In order to train your brain how to live out your ideal week, a good place to begin is to tell yourself the truth.
John (not his real name) hired me as his coach during the time he had lost his job and was looking for a new one.
I noticed that John would come to each session saying some form of this statement: “I’m never going to find a job.”
Even when I’d use normal coaching techniques like powerful questions or direct communication in response, John couldn’t seem to move away from this mindset.
So, by the third or fourth session, I knew it was time to try something different.
Excerpt from coaching session:
Coach: May I make an observation?
John: Sure
Coach: You’ve come to every coaching session saying you’re never going to find a job.
John: Well, it’s true.
Coach: May I take off my coaching hat, for a moment, and share what I know?
John: Please do. I need help.
Coach: You’re probably right. You’re probably never going to find a job.
John: What? You mean you also think I’m never going to find a job? I hired you to help me.
Coach: No, it’s not what I believe. I do believe you can find a job. But if you keep telling yourself “I’m not going to find a job” I’m concerned you may not. As long as you keep telling yourself that, it’s true. You’re right because our brains begin to believe what we tell them. Every time you say that to yourself, you’re basically reinforcing “the truth.”
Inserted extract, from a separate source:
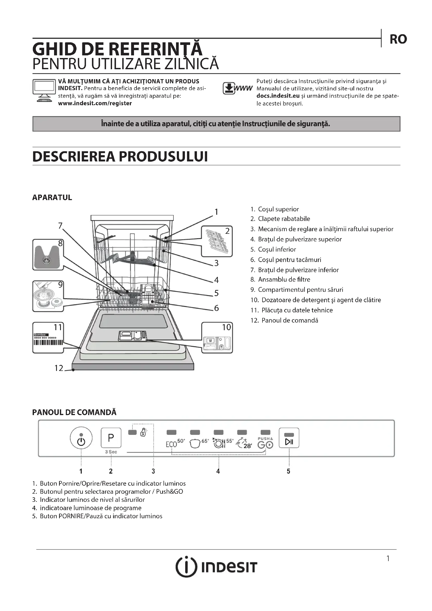 VĂ MULŢUMIM CĂ AŢI ACHIZIŢIONAT UN PRODUS INDESIT. Pentru a beneficia de servicii complete de asi-stenţă, vă rugăm să vă înregistraţi aparatul pe: www.indesit.com/register Puteţi descărca Instrucţiunile privind siguranţa şi Manualul de utilizare, vizitând site-ul nostru docs.indesit.eu şi urmând instrucţiunile de pe spate-le acestei broşuri.1. Buton Pornire/Oprire/Resetare cu indicator luminos2. Butonul pentru selectarea programelor / Push&GO3. Indicator luminos de nivel al sărurilor4. indicatoare luminoase de programe5. Buton PORNIRE/Pauză cu indicator luminos1. Coşul superior2. Clapete rabatabile3. Mecanism de reglare a înălţimii raftului superior4. Braţul de pulverizare superior5. Coşul inferior6. Coşul pentru tacâmuri7. Braţul de pulverizare inferior8. Ansamblu de ltre9. Compartimentul pentru săruri10. Dozatoare de detergent şi agent de clătire11. Plăcuţa cu datele tehnice12. Panoul de comandă0000 000 00000 Service: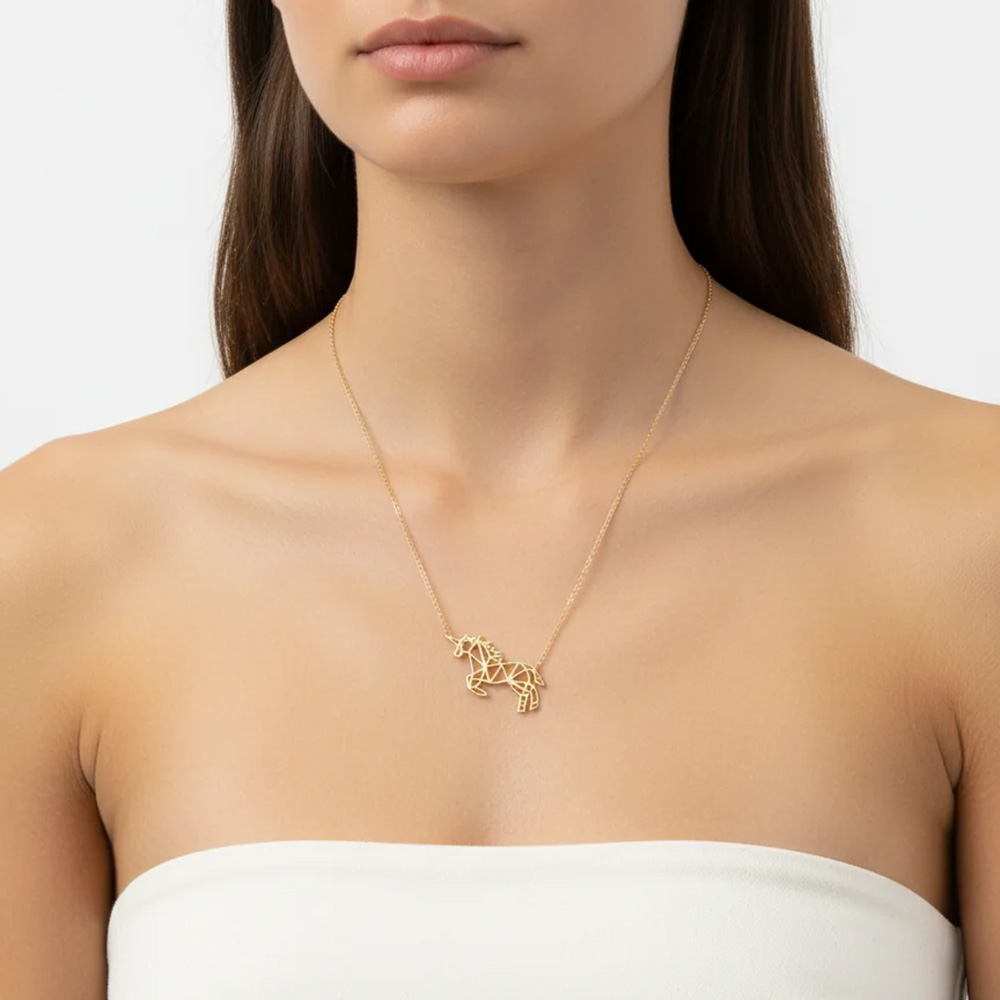 گردنبند یونیکورن، دنیایی از خیال و جادو را در قالب یک زیور جانبخش به استایل شما میآورد. یونیکورن، این موجود افسانهای با شاخ درخشان و حضور رؤیایی، نماد پاکی، امید و قدرت تخیل است. طراحی ظریف آن بر روی طلا، جلوهای شاد و پرانرژی دارد که مناسبت هر روز شما را خاص میکند. جزئیات دقیق و شاید کمی فانتزی در ساخت، باعث میشود هر نگاه به این گردنبند لبخندی به همراه بیاورد. انتخابی ایدهآل برای کسانی که به دنیای افسانهها، رنگهای شاد و حس متفاوت بودن علاقه دارند؛ یک گردنبند که همانقدر که زیباست، داستانگو نیز هست.

John: Okay, well then what should I do? Tell myself the lie that I will find a job even though it’s clear I’m not getting offers?
Coach: No, that’s not what I’m suggesting. I’m going to put my coaching hat back on now. John, what is true in your situation?
John: With so many jobs out there, it is possible I’ll find a job.
Coach: What might happen if you got up every morning and told yourself exactly that?
John: I don’t know but I’d like to try it.
Coach: Sounds like you have a solid action step.
End of coaching excerpt
 As John completed his action step each day, he became encouraged to revisit the materials he had found and completed around creating your ideal week.
John’s ideal week contained specific goals related to finding a job, but he realized he had not been taking many steps toward his goals because he’d become so convinced he would never find a job.
But then things changed.
Within three months, as he worked toward living out his ideal week, telling himself that with so many jobs out there it was possible he’d find a job…
John did find a job.

How can you train your brain to live your ideal week?

What’s one goal that seems unattainable?
How can you tell yourself truth and work toward creating and living out your ideal week?